» **Supplied material**:
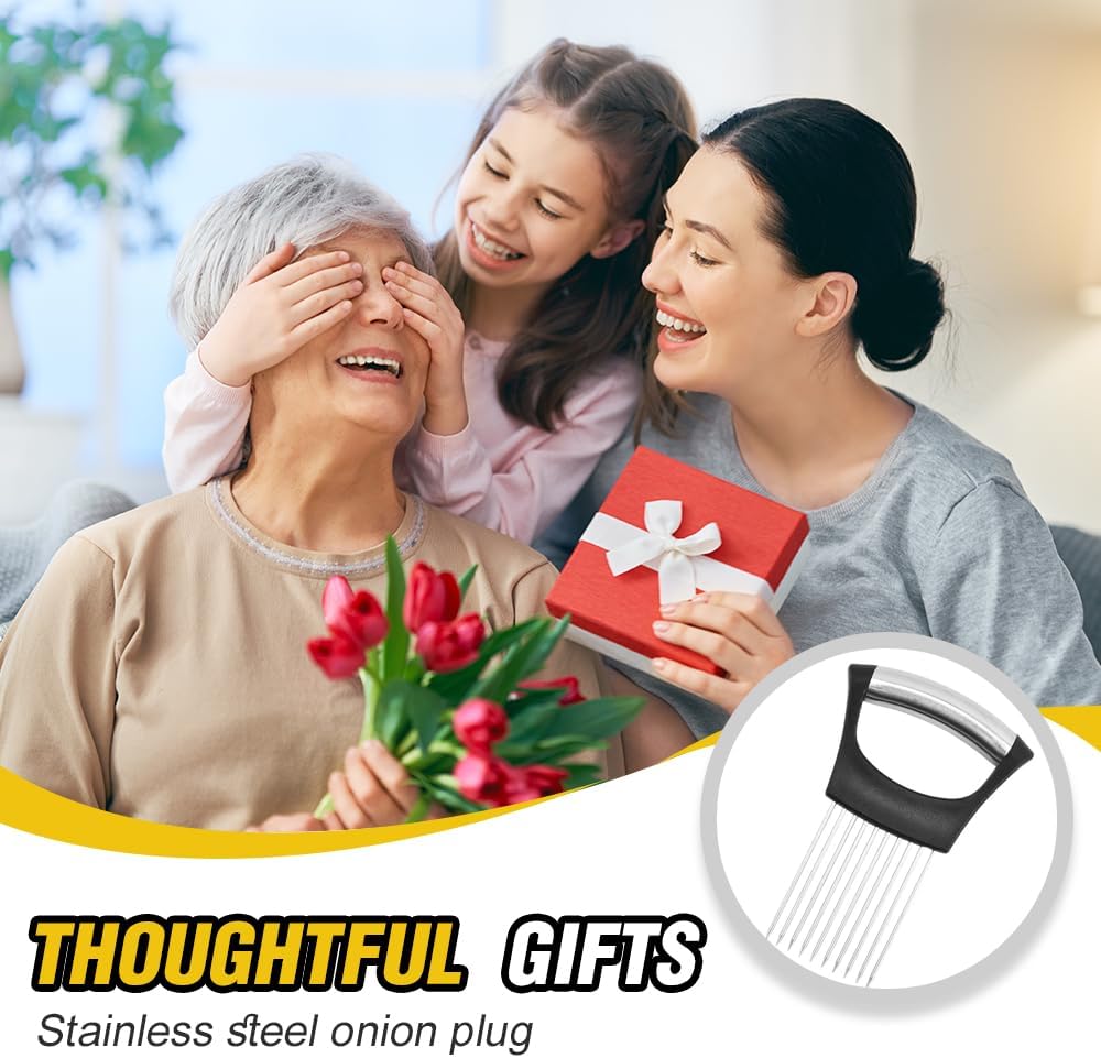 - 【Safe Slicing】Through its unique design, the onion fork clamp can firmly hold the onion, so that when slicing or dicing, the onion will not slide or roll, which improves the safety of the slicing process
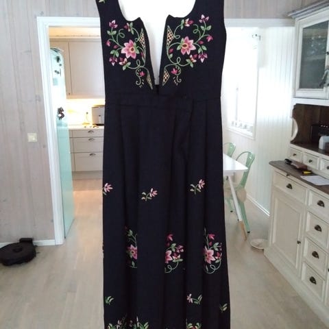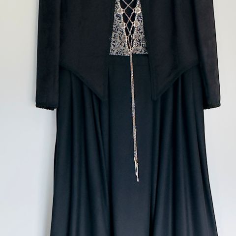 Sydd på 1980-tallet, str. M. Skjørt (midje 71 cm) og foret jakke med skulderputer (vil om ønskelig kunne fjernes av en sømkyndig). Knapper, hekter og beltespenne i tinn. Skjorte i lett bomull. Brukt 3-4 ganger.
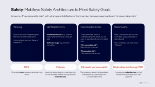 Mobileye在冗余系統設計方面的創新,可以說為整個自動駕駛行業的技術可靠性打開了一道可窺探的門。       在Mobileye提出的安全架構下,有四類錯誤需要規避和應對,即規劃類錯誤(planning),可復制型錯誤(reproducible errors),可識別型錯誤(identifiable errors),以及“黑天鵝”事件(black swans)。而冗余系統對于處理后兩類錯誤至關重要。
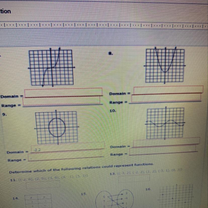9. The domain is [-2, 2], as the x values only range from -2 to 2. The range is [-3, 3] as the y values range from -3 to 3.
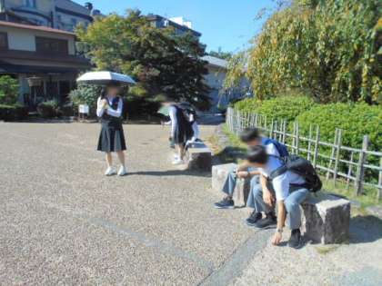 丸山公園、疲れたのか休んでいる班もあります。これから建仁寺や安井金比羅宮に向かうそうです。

» **Aim of the task**:
In the records above, the lines from the one containing "9. The domain" through the last line are to be written out exactly, both ends included and pictures omitted.

» **Answer area**:
9. The domain is [-2, 2], as the x values only range from -2 to 2. The range is [-3, 3] as the y values range from -3 to 3.
 丸山公園、疲れたのか休んでいる班もあります。これから建仁寺や安井金比羅宮に向かうそうです。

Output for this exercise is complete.